Reputation: 39
For each NAME/LOCATION, calculate the average snow amount per month. Save the results in two separate .csv files (one for 2016 and the other for 2017) name the files average2016.csv and average2017.csv. I am used Python 3.8 with Panadas. I accomplished doing this with this code:
import numpy as np
import pandas as pd
df = pd.read_csv('filteredData.csv')
df['DATE'] = pd.to_datetime(df['DATE'])
df['year'] = pd.DatetimeIndex(df['DATE']).year
df16 = df[(df.year == 2016)]
df17 = df[(df.year == 2017)]
df_2016 = df16.groupby(['NAME', 'Month'])['SNOW'].mean().reset_index()
df_2017 = df17.groupby(['NAME', 'Month'])['SNOW'].mean().reset_index()
df_2016[['NAME', 'Month', 'SNOW']].to_csv('average2016.csv')
df_2017[['NAME', 'Month', 'SNOW']].to_csv('average2017.csv')
This image shows my results for average 2016.

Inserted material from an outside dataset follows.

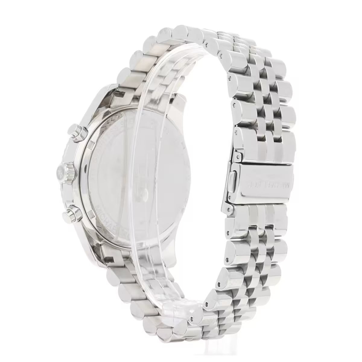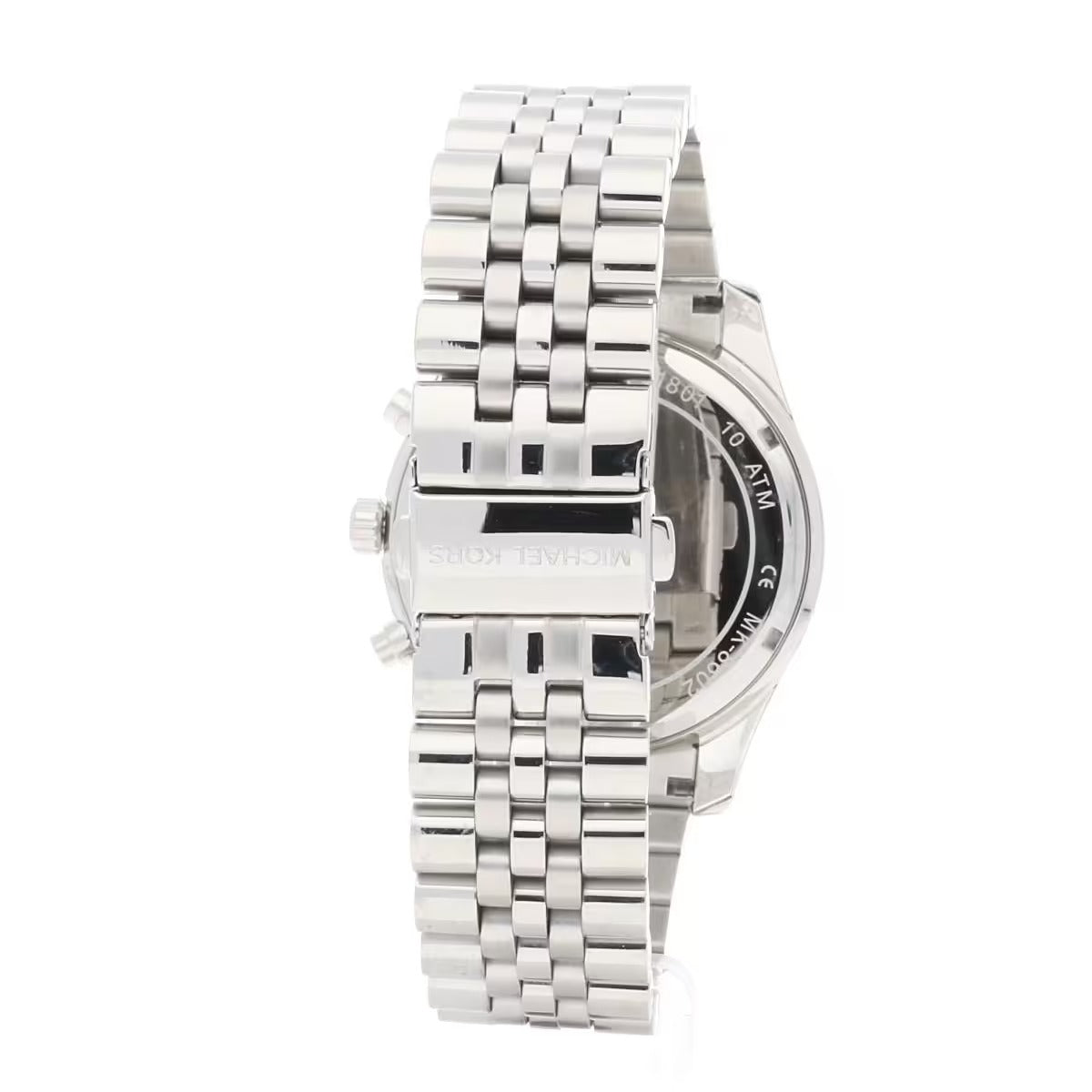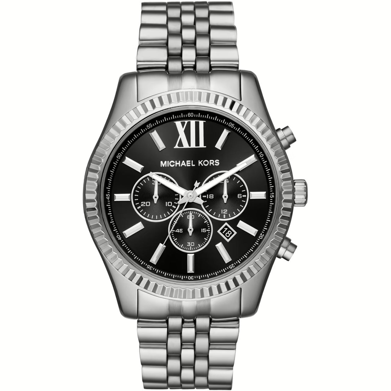 Chronograph Men's Watch By Michael Kors Of Lexington Collection. Model With Round Case In Stainless Steel Silver Color And Glossy Finish. Case Of Diameter Of 44 Mm And Of Thickness Of 13 Mm. The ring is made of silver-colored stainless steel with glossy finish, black dial and transparent glass. Watch With Silver Stainless Steel Bracelet With Polished Finish And Deployment Clasp. The Distance Of The Bends Is 22 Mm. Clock With Quartz Movement With Chronograph And Water Resistance Of 10 Atm. The reference is Mk8602Features chronograph MK8602 Michael Kors

However, the problem that I am having is that the Months are not in Monthly order. I want them to go from January through December for each location. Example: I want the NAME: ADA 0.7 SE, MI US Month's to be May then June. How would I be able to accomplish this? Also is there a way to get rid of the first numbered column?
Upvotes: 1
Views: 543
Reputation: 59579
You can sort
on the DATE column. But then you need to remember to do sort=False
in your groupby, else it will sort there using the string ordering. In addition, your repetitive code for each year can be replaced with a single groupby, adding year
to the grouping keys. Then you'd then write separately into different files and index=False
is how you get rid of the Index.
import numpy as np
import pandas as pd
df = pd.read_csv('filteredData.csv')
df['DATE'] = pd.to_datetime(df['DATE'])
df['year'] = df['DATE'].dt.year # Datetime has this attribute already
df = df.sort_values(['NAME', 'DATE']) # Output will be in order within each Name
df = (df[df.year.between(2016,2017)] # Only 2016 and 2017
.groupby(['year', 'NAME', 'Month'], sort=False)['SNOW']
.mean().reset_index())
for year,gp in df.groupby('year'): # Write files separately by year
gp[['NAME', 'Month', 'SNOW']].to_csv(f'average{year}.csv', index=False)
Upvotes: 1